The Philippine online gaming industry is facing heightened regulatory scrutiny following a new legislative proposal and growing societal backlash, sparking steep declines in gaming-related stocks.
According to reports, shares of DigiPlus Interactive Corp., the country’s largest online gaming company, fell by as much as 30 percent on Thursday before paring losses. Meanwhile, Bloomberry Resorts Corp., a newcomer to the domestic e-gaming space, dropped by up to 12 percent. The declines followed consecutive losses earlier in the week amid mounting regulatory uncertainty.
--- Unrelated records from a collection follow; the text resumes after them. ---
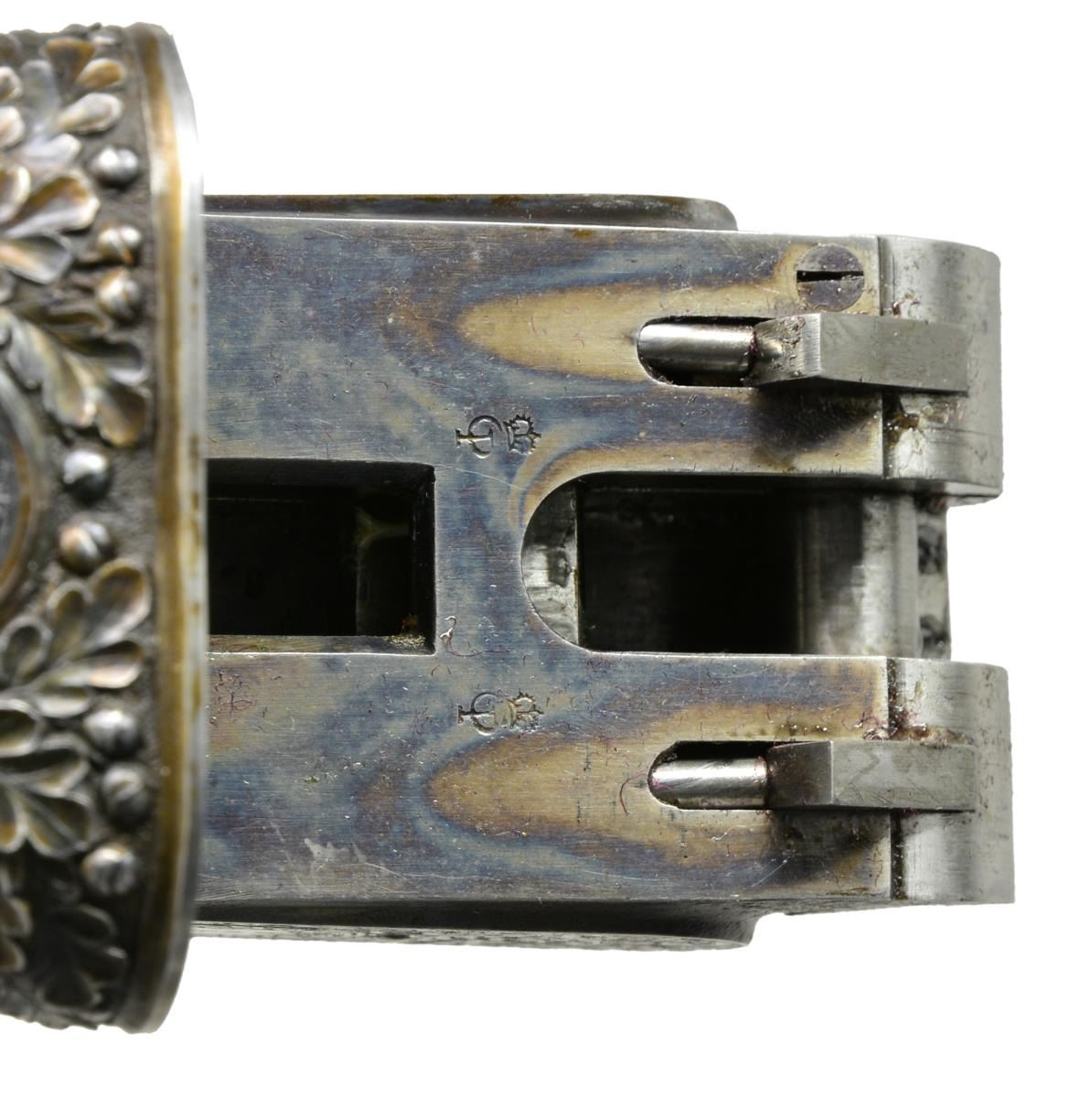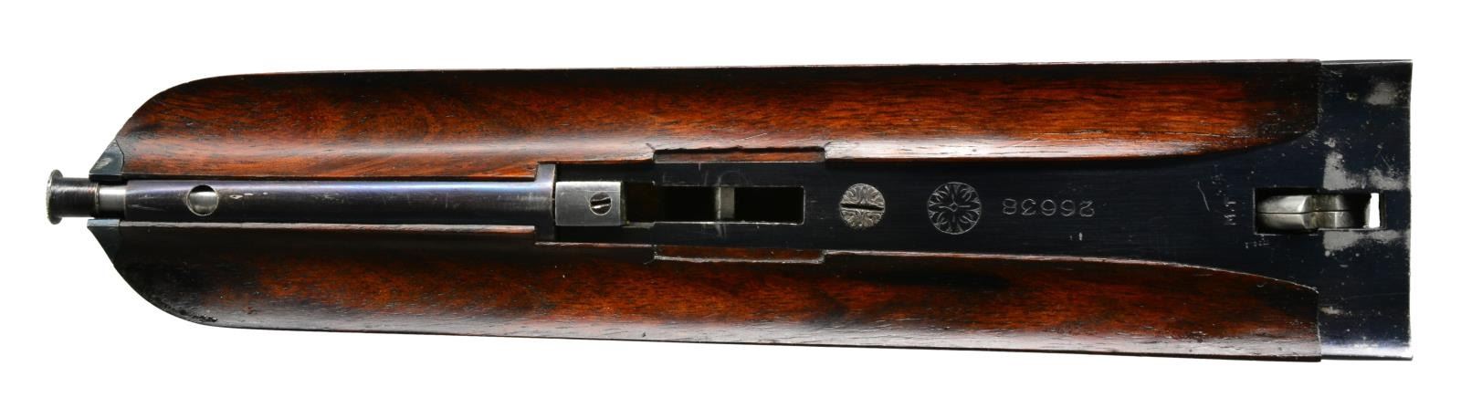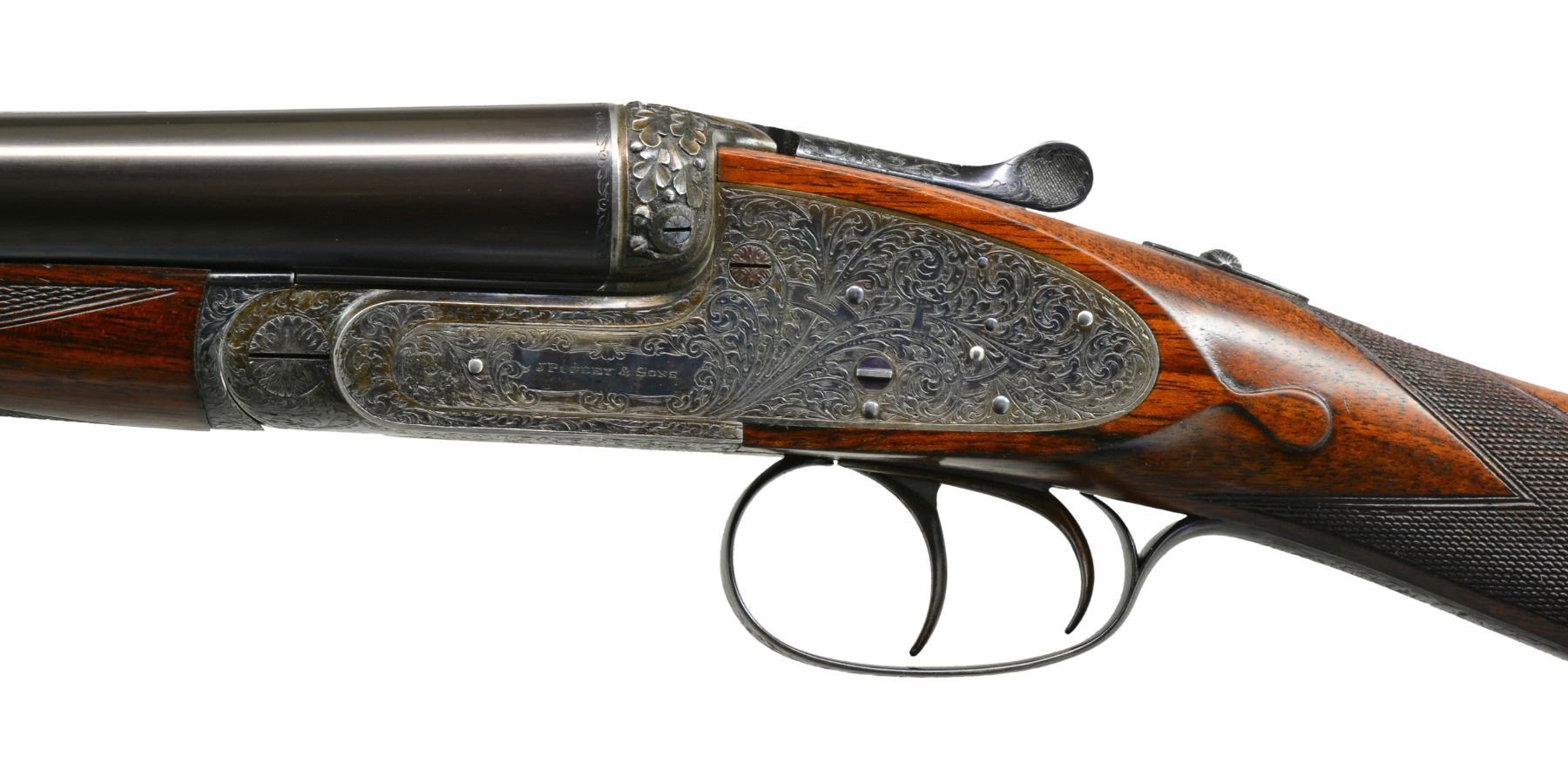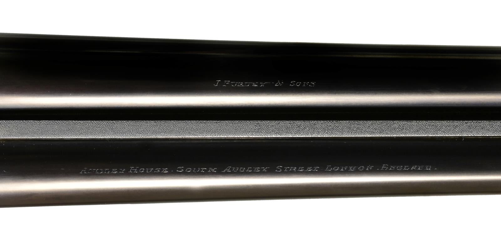 JAMES PURDEY HEAVY PROOF SIDELOCK EJECTOR GAME GUN IN SUPERB ORIGINAL CONDITION WITH CASE. Cal. 12 Ga., 2 3/4". S# 26638. (1956). Bbls. 27" Chopper lump fitted with very narrow matted game rib are engraved "J Purdey & Sons." "Audley House South Audley Street, London. England." on tops. Bbl. flats are stamped with London nitro proofs for 2 3/4". Bottoms of bbls. are stamped with serial numbers, and barrel makers initials "G.W" (George Wood). Tube numbers "65377" and "65378" are on loop. Casehardened Beesley patent self opening sidelock action features automatic safety (SAFE inlaid in gold), bushed strikers, raised rib tumbler end cocking indicators, and double triggers. Action and lockplates are engraved with near full coverage large open broad shaded scroll with strap work highlights, as originated by, and in this case executed by, the revered Harry Kell (per factory letter). "J. Purdey & Sons" is on the front part of each lockplate, as well as on bottom of action over "London" "England". Fences are finely full relief carved in oak leaf and acorn motif, as usually found in this "extra finish" pattern. Blued top lever and trigger guard are also engraved with acanthus scroll. Serial number is on trigger guard tang. Dense, nicely marbled, and strikingly stump/ fiddle figured European walnut straight grip buttstock measures 14 1/8" over black leather covered pad. Stock features usual drop points and point pattern checkering at grip. Individual gold initials "M V B" are inlet on toeline. Factory records indicate this gun was made for Mrs. Sherburn M. Becker. Matching splinter ejector forend has Anson release. Actioners initials "M.T" (Maurice Timbers) are on iron. UNATTACHED ACCESSORIES: Makers tan leather motor case with stitched leather corners is embossed "M. V. B." on lid. Interior is lined in purple cloth, and has gold embossed black leather Purdey label along with charge card for this particular gun in lid. Case contains Purdey marked square oil bottle, two horn handled striker keys, pull-through 12 ga. cleaning kit, two piece rosewood and brass cleaning rod with mops and jag, and a 1929 dated Purdey Guns instruction booklet. Bore diameters: left -.731, right - .731. Restriction: left - .025 (mod), right - .008 (IC). Minimum wall thickness: left - .035, right - .034. DAH: 2 7/16". DAC: 1 9/16". No cast. WEIGHT: 6 lbs. 10 oz. CONDITION: extra fine, mostly original. Bbls. have over 95% what appears to be original blue, thinned a bit on sides, which is possibly an old reblue. Action retains approx. 85-90% original casehardening color, pleasingly silvered on fences and beads. Lockplates have nearly all of their original color. Hinge pin retains most of its temper blue, as do lock pin heads and other pins. Back portion of safety is silvered. Forend iron retains most of its original blue. Forend tip is considerably silvered. Trigger guard has blue thinning on bow and silvering at grip. Stocks retain over 90% original "slackum" finish thinning on high edges with a number of light marks and dings. Checkering is somewhat worn and dark. Pad appears to be original, slightly flattened at heel. Bores are excellent, sharp and shiny throughout, with little evidence of dents or repairs. Action is tight. Bbls. are on face. Ejectors are in time. Drop is down a bit, iron just beginning to contact bottom of action. Case leather is still light in color. Straps and handle are good. Interior has a few rubs and compressions. Accessories are fine. A truly exceptional, good handling Purdey game gun; to have this gun built today would cost well over $150,000.00. (20-917/MGM73). CURIO. $30,000-40,000.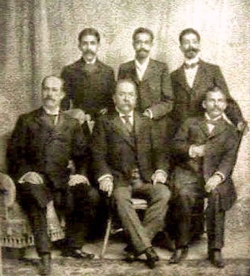 Los fundadores del Colegio Nacional de Enseñanza Dental. Desde atrás, de izquierda a derecha: Dr. José J. Rojo, Dr. Teófilo Valdés y Dr. Ricardo Figueroa. Adelante, de izquierda a derecha: Dr. Alfredo Reguera, Dr. Ricardo Crombé y Dr. Juan Falero.
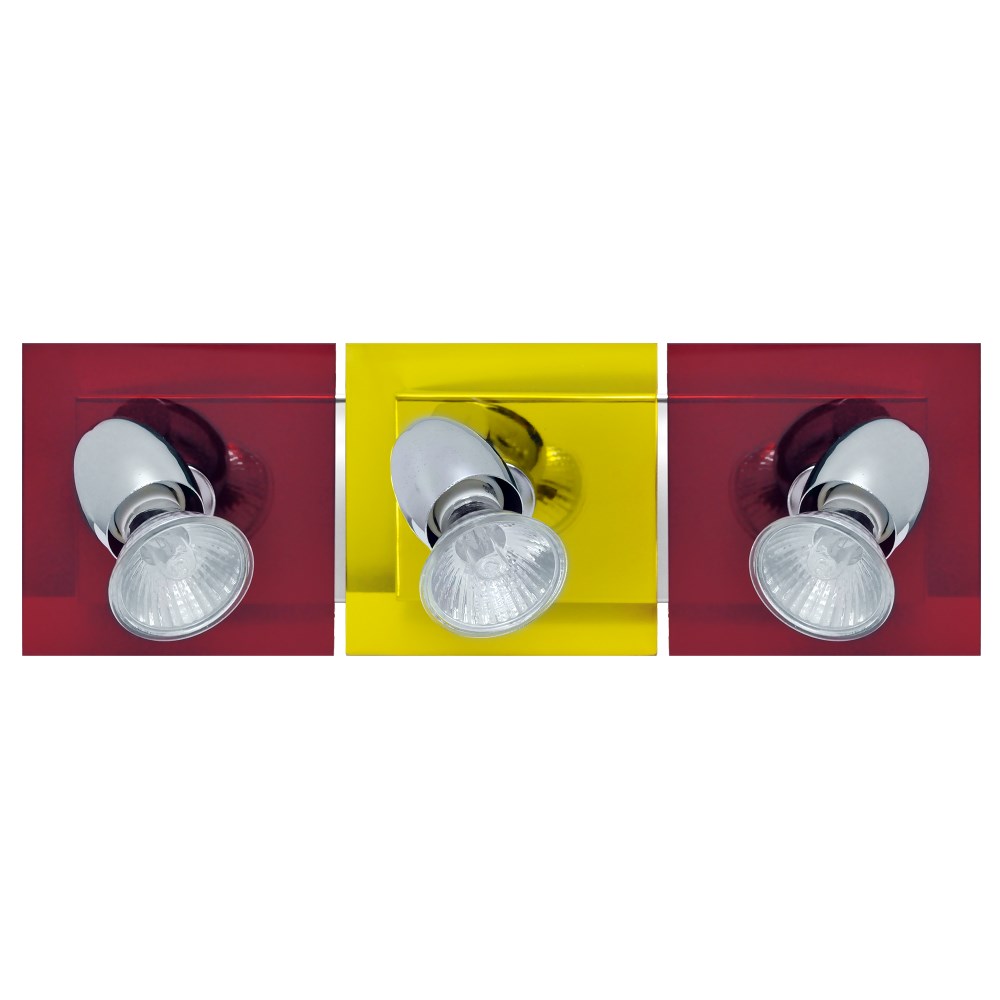 The elegant combination of aluminium with white glass and rectengular base in red and yellow nuances make this accent spot suitable for any environment. Very compatible with modern décor.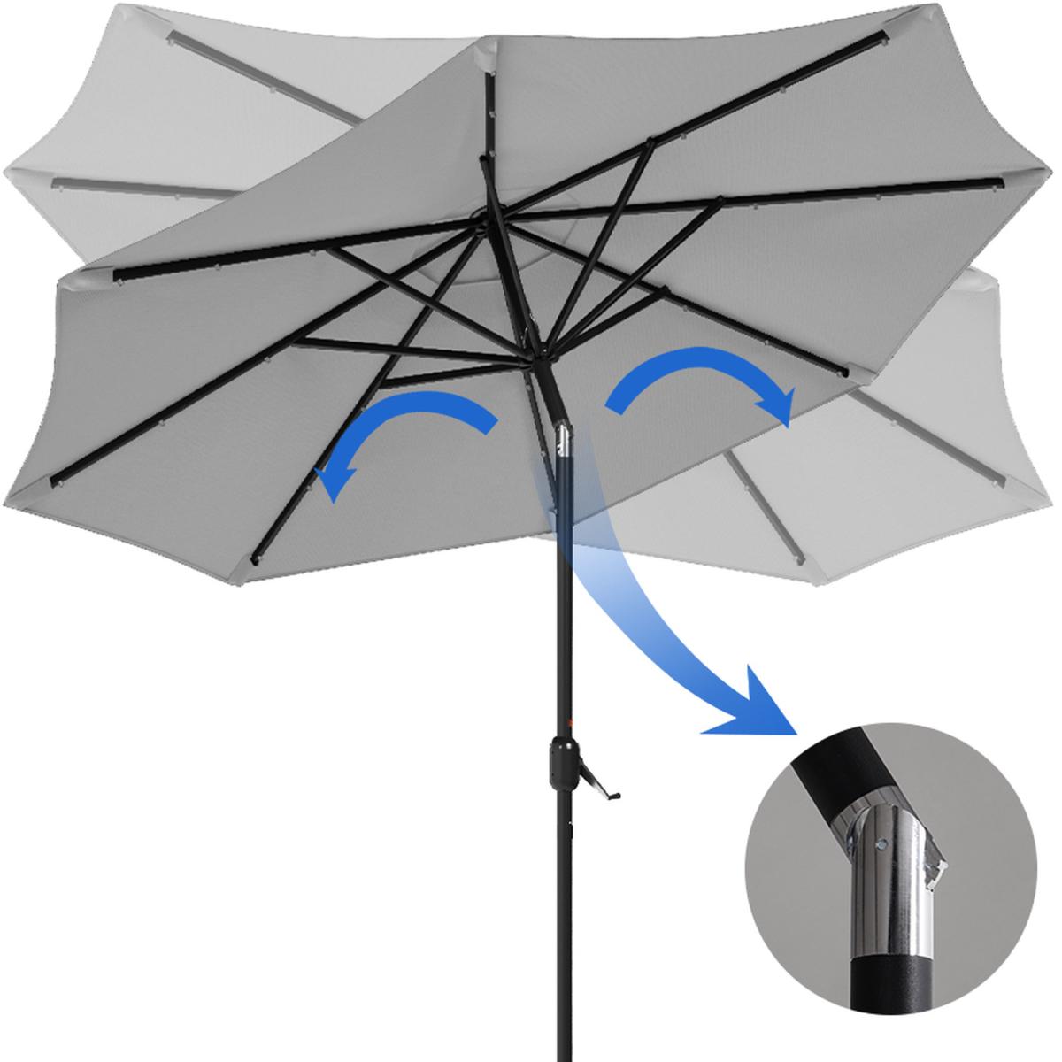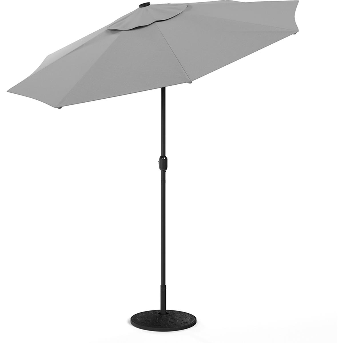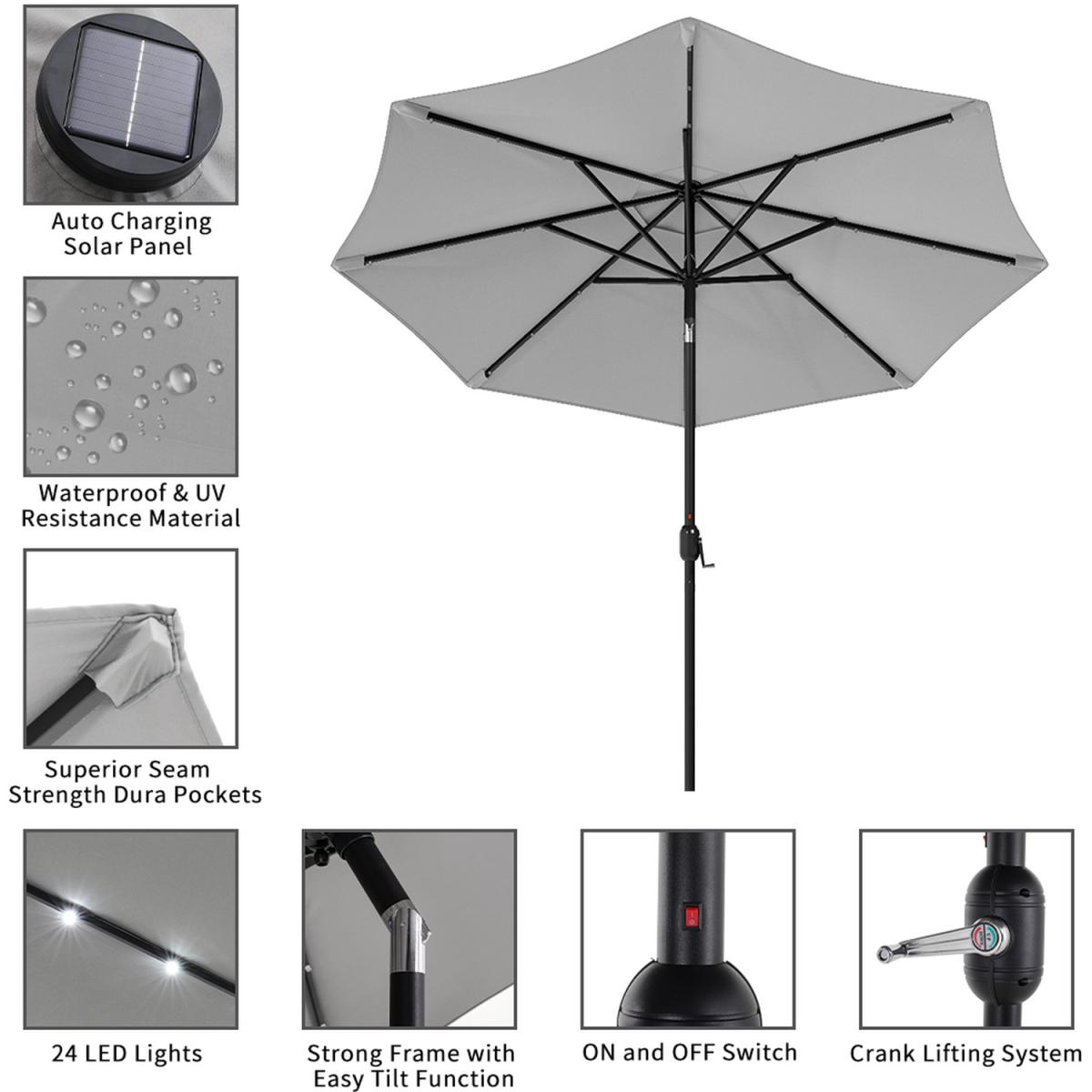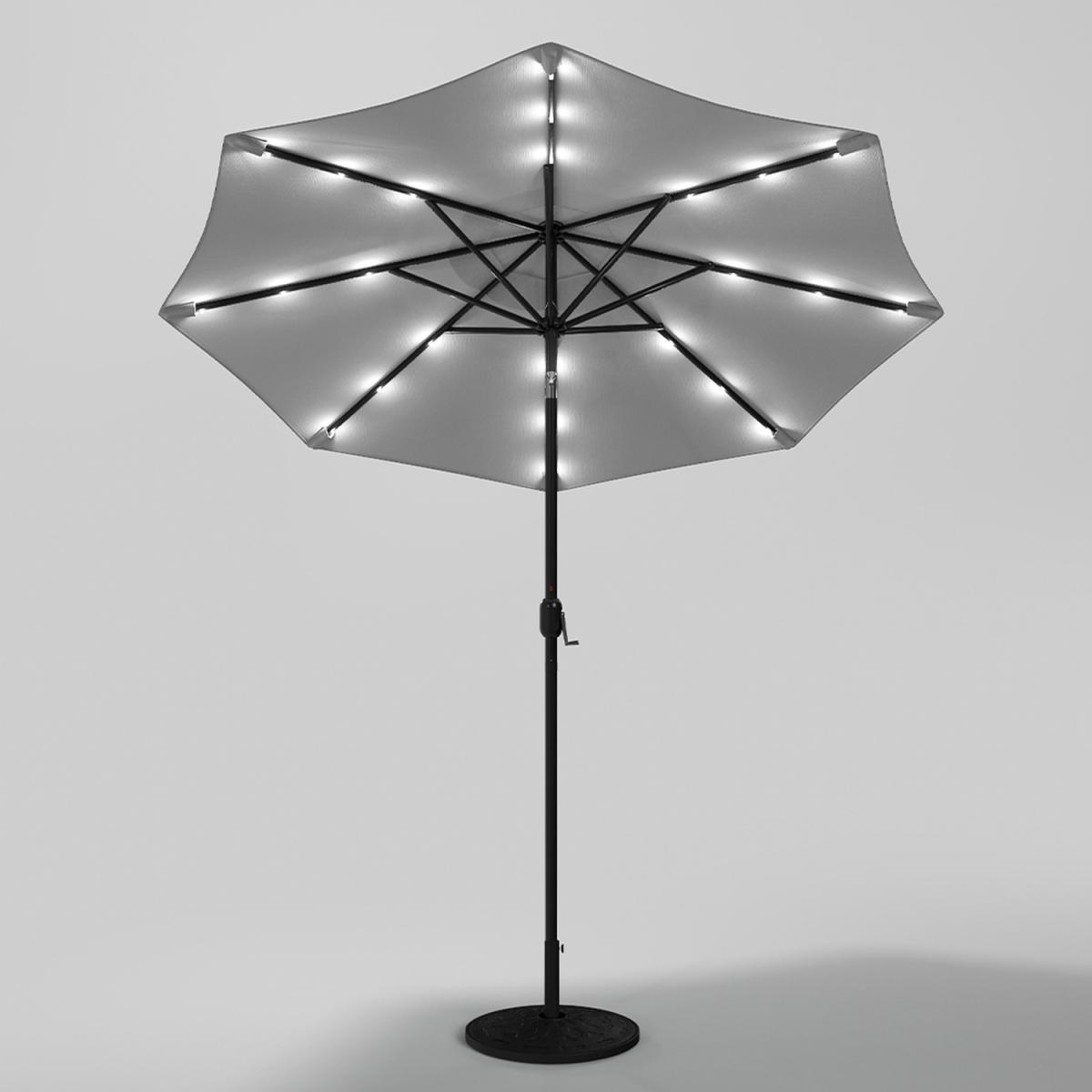 24 Solar Lights Garden Parasol Umbrella with Resin Base - Light Grey

The volatility was reportedly triggered by a bill filed by Senator Sherwin Gatchalian that seeks stricter controls on online gaming. The proposed measures include banning the use of e-wallets like GCash and Maya for betting, raising the minimum player age to 21, and imposing a PHP10,000 ($175) minimum deposit requirement to discourage participation from low-income players.
Local media reports indicate that Senator Gatchalian has linked the growing accessibility of online gambling—facilitated by e-wallet platforms—to a surge in addiction, financial hardship, and related criminal activity, which he argues has had a detrimental impact on many Filipino families.
The proposal also comes amid strong criticism from the Catholic Church. Cardinal Pablo Virgilio David condemned the government’s support of online gambling, warning that the proliferation of e-games has turned smartphones into “portable casinos,” placing Filipino youth at risk.
Despite the growing backlash, Gatchalian clarified that a total ban is not being considered, in order to avoid pushing the industry underground. Nonetheless, fears of a broader crackdown have unnerved investors.

The controversy comes during a period of rapid growth in the sector. In the first quarter of 2025, the Philippine Amusement and Gaming Corp. (PAGCOR) reported that e-games contributed PHP51.39 billion ($901.6 million)—nearly half of the industry’s PHP104.12 billion ($1.83 billion) gross gaming revenue—surpassing traditional casino operations for the first time.
PAGCOR Chairman Alejandro H. Tengco acknowledged the sector’s rising influence and emphasized the need to balance innovation with consumer protection and sustainability.
Still, with 64 accredited system operators and 12 online platforms active as of mid-June, the industry’s rapid digital expansion continues to outpace regulation—leaving lawmakers, religious leaders, and investors grappling with its social and economic implications.